Some projects, such as Apache’s Open Office, will become one of the web app-based solutions that may one day compete with products like Microsoft Office 365 in the software-as-a-service (SaaS) arena. Cloud-based solutions typically have web-based, end-user interfaces that enable service anywhere by using the web browser on any device, at any time. As a result, it's the platform-independent solution of today -- and the future.
Working on the Web
The Samsung Chromebook uses web-based apps to ensure apps -- and security -- remain current, and ends the need for time- and storage-consuming software downloads.

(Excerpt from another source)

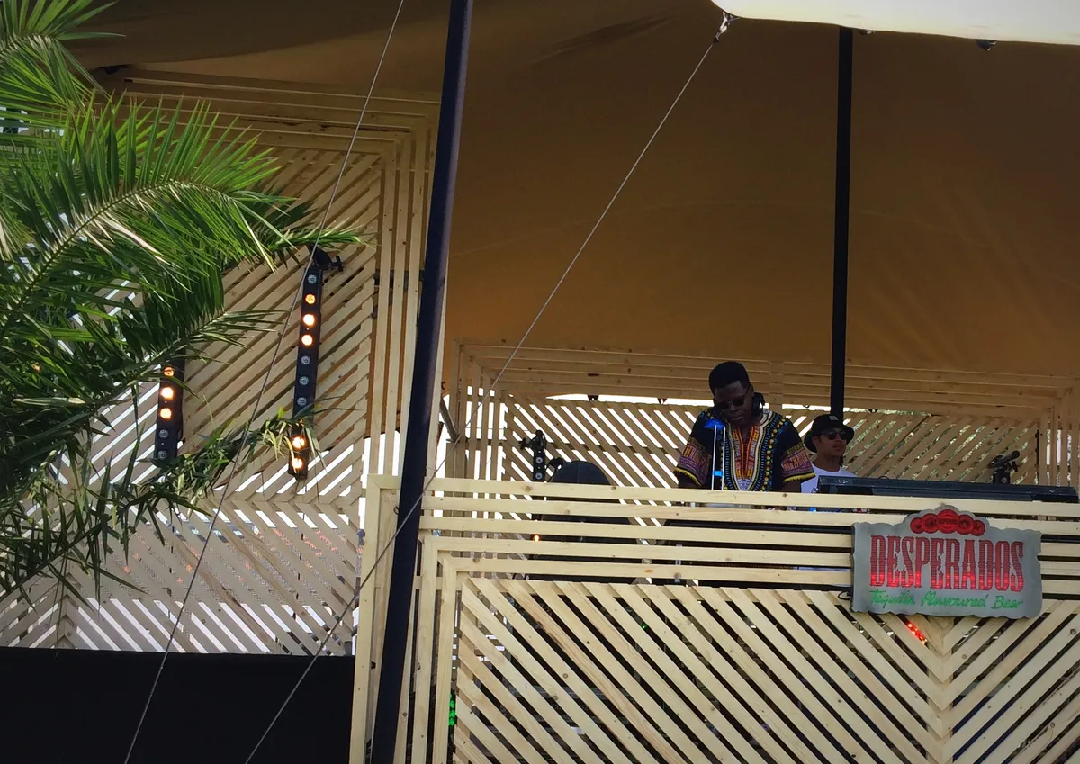 Van Le Le terug naar de Kaap, waar Philou Louzolo op het punt staat om de boel over te nemen van Orpheu The Wizard. Louzolo is een mooie verschijning. Hij heeft zich vandaag gehesen in een schitterend Afrikaans gewaad met felle kleuren, maar zijn roots liggen dan ook in Congo; ook al heeft hij daar nooit echt gewoond en groeide de dj gewoon op in Zeeland. De lichten van het Desperados-logo op de voorkant van de dj-booth kleuren mee op het ritme van de beat. Het is opvallend om te zien dat Louzolo, toch niet de grootste naam op het affiche vandaag, het uit de kluiten gewassen veld voor zich helemaal volgespeeld krijgt. Dat doet hij op zijn eigen manier, met zomerse muziek, met Afrikaanse ritmes, met veel afro en boogie. Zijn muziek zit gigantisch in de heupen en voor het eerst zien we mensen vandaag echt dansen. Je zou hem gerust een tropische verrassing kunnen noemen. De track Sin Tabla van El Sayulitas komt langs tegen het einde van zijn set, het is een vroeg hoogtepuntje voor velen.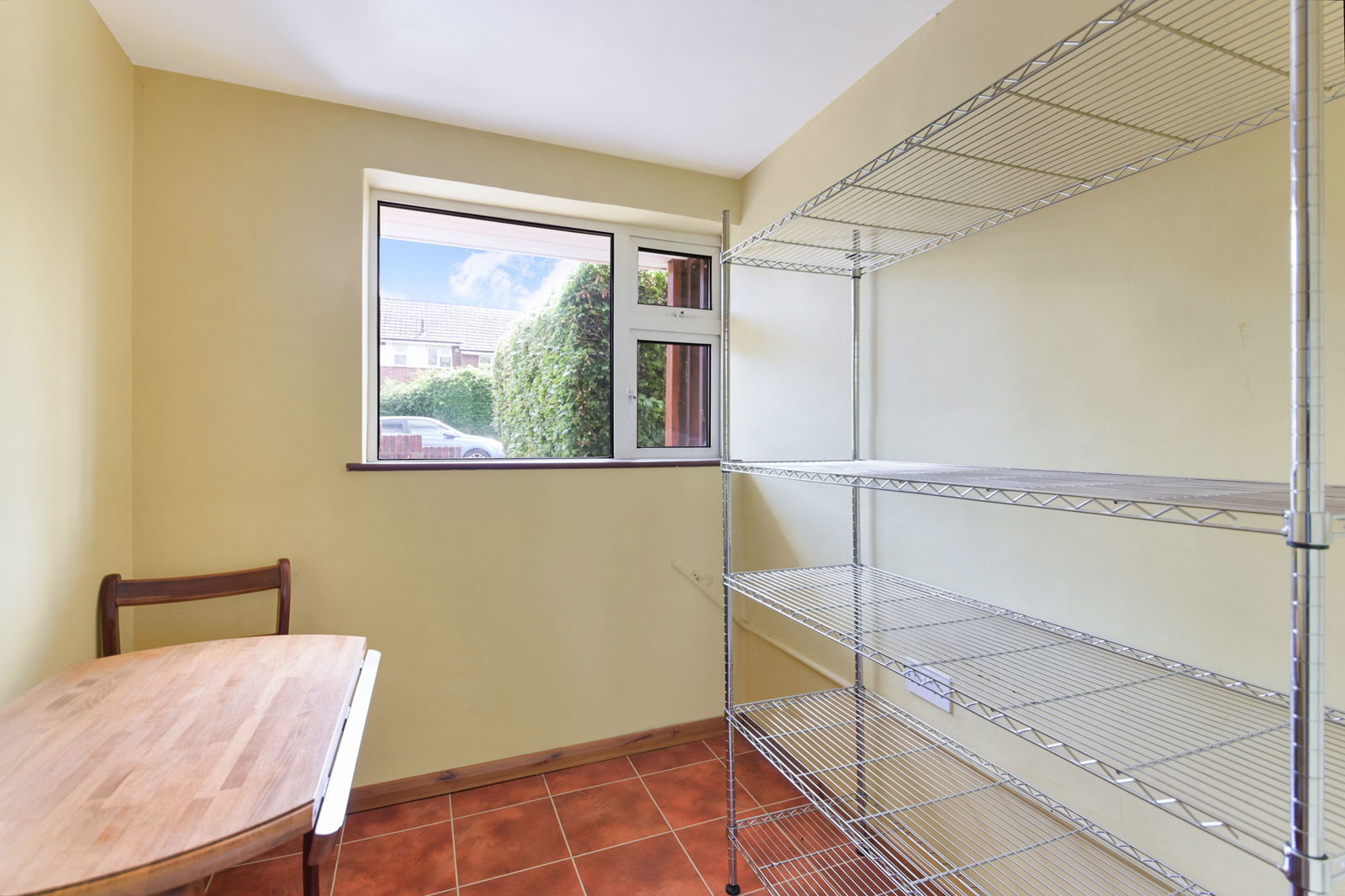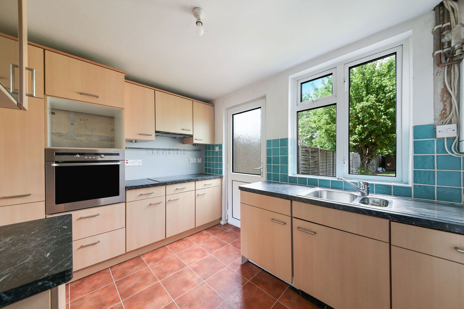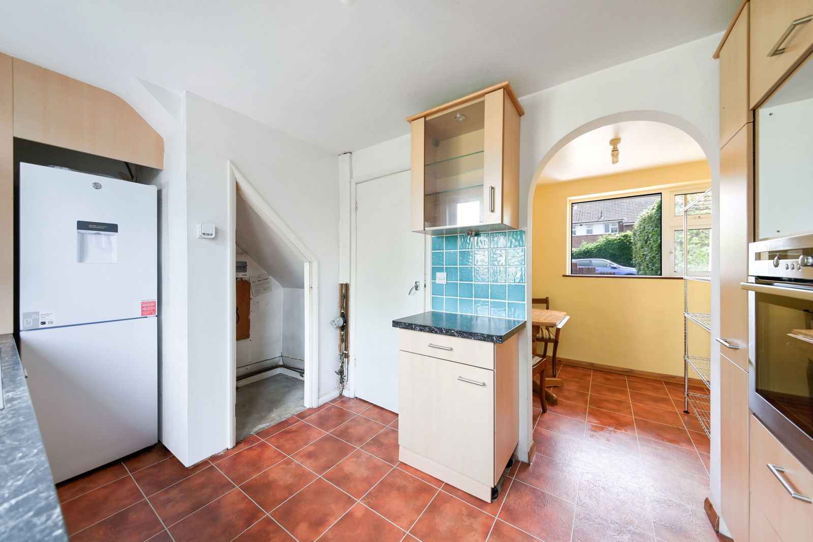 To the rear, the fitted kitchen enjoys views over the substantial garden and is fitted with quality integrated appliances and a recently installed boiler. An adjoining reception space offers additional versatility – whether as a dining area, family room, or home office – ready to be transformed into the heart of the home.

Already, web-based services are improving communication and collaboration between corporate departments, customers, suppliers, and partners. Since the end-user's platform is no longer a concern, the barrier to sharing has disappeared. Some tools I like include:
For iOS 6 devices, Google developed the Google Maps web app, which people can access through Apple's Safari browser. This web app can even display the Street View of Google maps. Users can pin this web app to their apps list in their iPhone.
When users take images in photsphere mode on an Android 4.2 device, they can see the photos using Google Street View, like the photo viewer on Google Plus. This is a revolution in photography for both enterprise users and consumers.
With Google Chromebook, we complete day-to-day activities just using web apps. As Google says, this web-based OS is always up-to-date. We simply click the refresh button to update an app so the security -- and any new software features -- update in seconds. This is a major example of the future of web app based computing. No doubt there will be many more this year.
Which web apps are important to your business today? What would you like developers to create in order to make your business even more productive and profitable, and your IT department even more efficient?
— Raj Kumar is an independent industry analyst and IT professional in the Coimbatore area of India.
It appears to be the de facto standard, though, until developers get another alternative to coding for each separate platform. You're right though, Usman, it's not perfect.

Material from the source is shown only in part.